HDM ended support for the GTK and web interfaces when he was purchased. Now, you need to purchase Metasploit Express ( http://www.metasploit.com/express/ ) to get a graphical interface for Metasploit.

Re:a sad story

Not quite - Prior to the 3.2 release, both the main developer for msfweb and the main developer for msfgui dropped out of the project (LMH and Fabrice); We fixed these interfaces up just enough to make them work for 3.2, but they have always been incredibly buggy and crash-prone. The msfweb interface needs an overhaul to be really usable (and we would love for someone in the community to take this on), however the msfgui interface will have to be rewritten from the ground up due to an insane number of crash bugs in the ruby-gnome2 codebase. As the project moved towards 1.9 compatibility, both msfweb and msfgui fell even further behind. We deprecated these interfaces in 3.3, which was immediately after the acquisition, but the acquisition had little to do with the decision to stop trying to maintain these. The main goal of msfweb and msfgui was to support an interactive console on the Windows platform; since we added RXVT/Cygwin to the 3.3.x packaging, it became possible to run msfconsole natively, removing the need to keep hacking msfweb/msfgui to work. The decision really came down to msfweb vs cygwin; with msfgui no longer an option due to the aforementioned crash bugs.
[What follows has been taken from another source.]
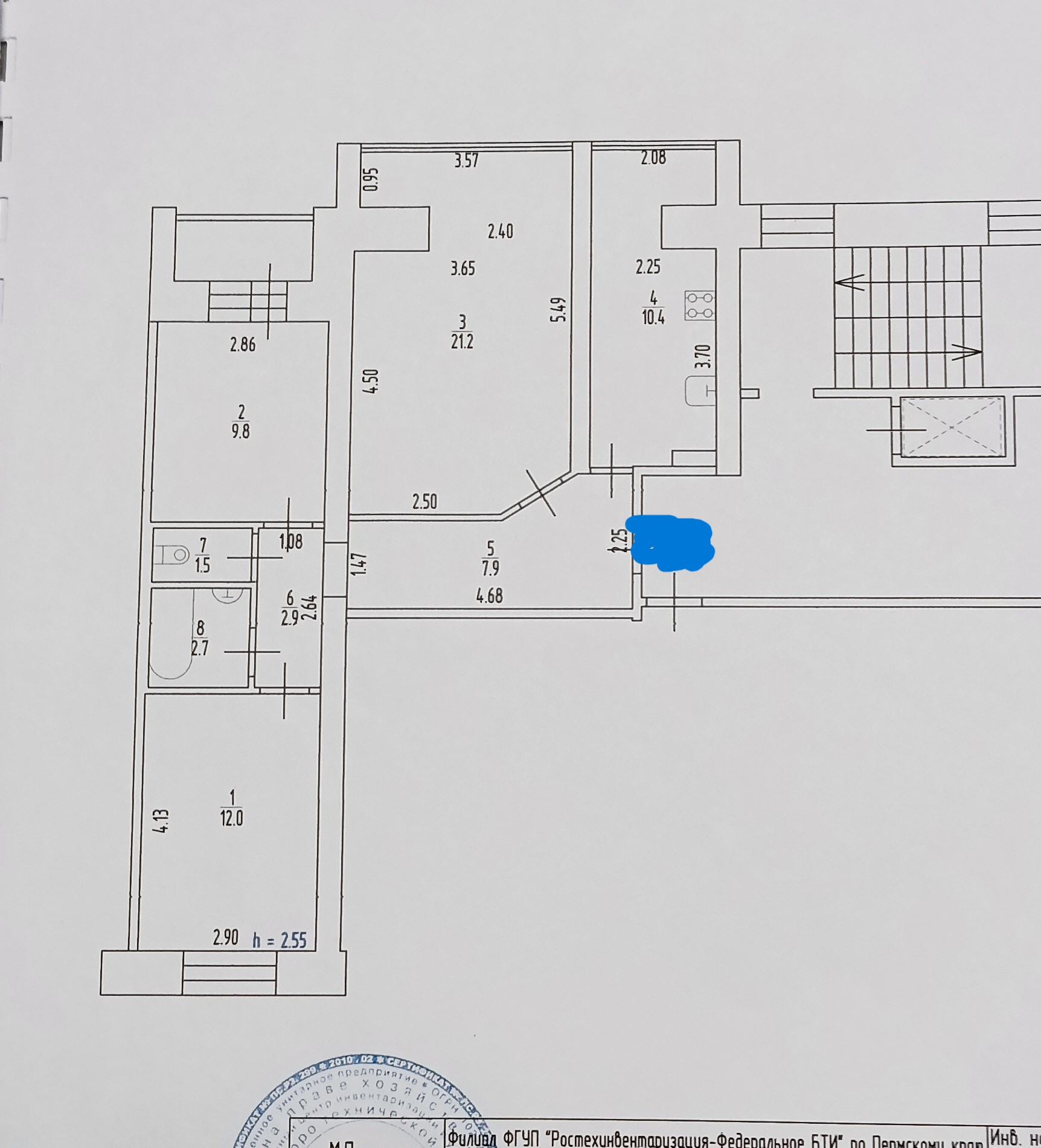 Высота потолков 2.55 м

Long-term, we are trying to consolidate all of the interaction into a small number of tools; currently we have msfconsole, msfcli, msfweb, msfgui, msfrpc, and then msfencode+msfpayload. We would like to merge the cli functionality into the console (its buggy with certain module types at the moment), remove msfweb and msfgui until we find a new owner in the community, make msfrpc the standard way to programmatically interact with the framework, and combine msfpayload/msfencode into a single utility.